God wants to give us an overflowing life – an abundant life. For the last two weeks we have talked about how God wants to fill you to overflowing. In John ten – ten it says:

“I have come that they may have life and have it in abundance.” John 10:10 (HCSB)

The word picture that the Greek paints for “abundance” actually means – an overflowing abundance. Not that your cup is full – but that it is flowing over the rim. The cup is so full that it is spilling out into the saucer. God wants our lives overflowing with is His love, His joy and His peace. He wants our lives so affected by all the gifts He has to give to us – that it overflows into the lives of other people around us. That’s called outflow.

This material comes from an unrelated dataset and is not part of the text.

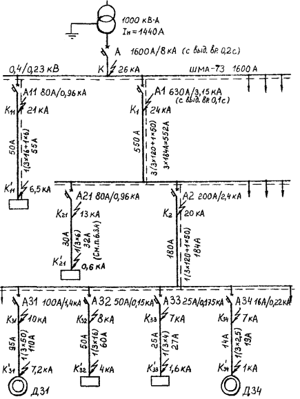 Из этих расчетов следует, что для линий 32, 33, 34 проверку соответствие требованиям § 3.1.8 можно не делать, т. к. номинальные токи плавких вставок предохранителей по отношению к длительно допустимым токовым нагрузкам проводников на этих линиях имеют кратность не более 300 %. Для линий 2 и 31 учтем допущение параграфа 3.1.13 (текст параграфа см. п. 11). 6.1.2. Требуемая допустимая длительная токовая нагрузка проводника для линии 2 равна 210 А (630:3). Длительно допустимые токи для четырехжильных кабелей сечением 120 и 150 мм2 равны соответственно 184 и 216 А (см. табл. 5). Таким образом, четырехжильный кабель сечением 120 мм2, выбранный для линии 2 по расчетной нагрузке, является, в соответствии с § 3.1.13, проводником ближайшего меньшего сечения, и расчетную проверку на соответствие требованиям § 3.1.8 для этой линии можно не выполнять. 6.1.3. Для линии 31 требуемая допустимая длительная токовая грузка проводника равна 167 А (500:3). Проводником ближайшего меньшего сечения для этого значения тока является трехжильный кабель сечением 70 мм2 (см. табл. 5), тогда как по расчетной нагрузке для этой линии выбран кабель сечением 50 мм2. Следовательно, для этой линии необходима расчетная проверка на соответствие требованиям § 3.1.8. В результате расчета получено значение тока однофазного короткого замыкания в точке К¢31, равное 2 кА. Согласно § 3.1.8 отношение наименьшего тока КЗ к номинальному току плавкой вставки предохранителя должно быть не меньше значений, приведенных в § 1.7.79, т.е. не меньше, чем 3. В нашем случае это отношение равно 4 (2000:500). Таким образом, увеличивать выбранное по расчетному току сечение линии 31 не требуется. 6.2. Второе значение кратности оговаривается для тока уставки автоматического выключателя, имеющего только максимальный мгновенно действующий расцепитель (отсечку): не более 450 %. В схеме на рис. 1 таких выключателей нет. Поэтому, в отступление от табл. 3, представим себе, что для защиты линии 33 выбран автоматический выключатель ВА13-25-32 с номинальным током расцепителя 25 А и кратностью отсечки 7, имеющий только максимальный мгновенно действующий расцепитель (см. табл. 1). В этом случае, ток уставки автоматического выключателя равен 175 А (25´7) и кратность тока уставки по отношению к длительно допустимой токовой нагрузке проводника равна:

If you were to picture your influence for Christ as a fountain it would look sometime like a four tiered fountain. God fills us up – that is the first level - the top tier. He fills you so full that you spill over into the next level – the second tier - and you have an influence on those who are closest to you – that would be your family and friends.

Today we want to talk about the people who are closet to you – your family and friends - and look at how you can touch them for Christ.

Now let me say right up front – not all families are alike. Let’s watch a video clip.

(I plan to show a video clip from an old T.V. sit-com “I Love Lucy.” You could use another clip such as “All In The Family” or “Leave It To Beaver”, for example.)

Not all families act and behave the same. Just as people are different - families are different – because families are made up of people.

Not all of us are “I Love Lucy” or “Leave It To Beaver” type of households. In fact many of us are more like the Simpsons – just a little dysfunctional. I heard this statement at one time and I believe it to be true. “All families are dysfunctional – it’s just that some are more dysfunctional then others.” In most families you find that there are members who are believers and there are members who are not.

In the New Testament – you find at least a couple times where a person becomes a Christian and their belief affects their entire family. Read along in Acts sixteen with me:

“A woman named Lydia, a dealer in purple cloth from the city of Thyatira, who worshiped God, was listening. The Lord opened her heart to pay attention to what was spoken by Paul. After she and her household were baptized, she urged us, “If you consider me a believer in the Lord, come and stay at my house.” And she persuaded us.” Acts 16:14-15 (HCSB)

Did you notice in this passage that she and her household were baptized. She became a believer first and it affected her entire household.

Or what about in John chapter four where a father goes down to see Jesus, pleading with Jesus to heal his son who is on his death bed? After the man requests Jesus to heal his son, Jesus says:

"Go your way; your son lives." So the man believed the word that Jesus spoke to him, and he went his way. And as he was now going down, his servants met him and told him, saying, "Your son lives!" Then he inquired of them the hour when he got better. And they said to him, "Yesterday at the seventh hour the fever left him." So the father knew that it was at the same hour in which Jesus said to him, "Your son lives." And he himself believed, and his whole household.” John 4:50-53 (NKJV)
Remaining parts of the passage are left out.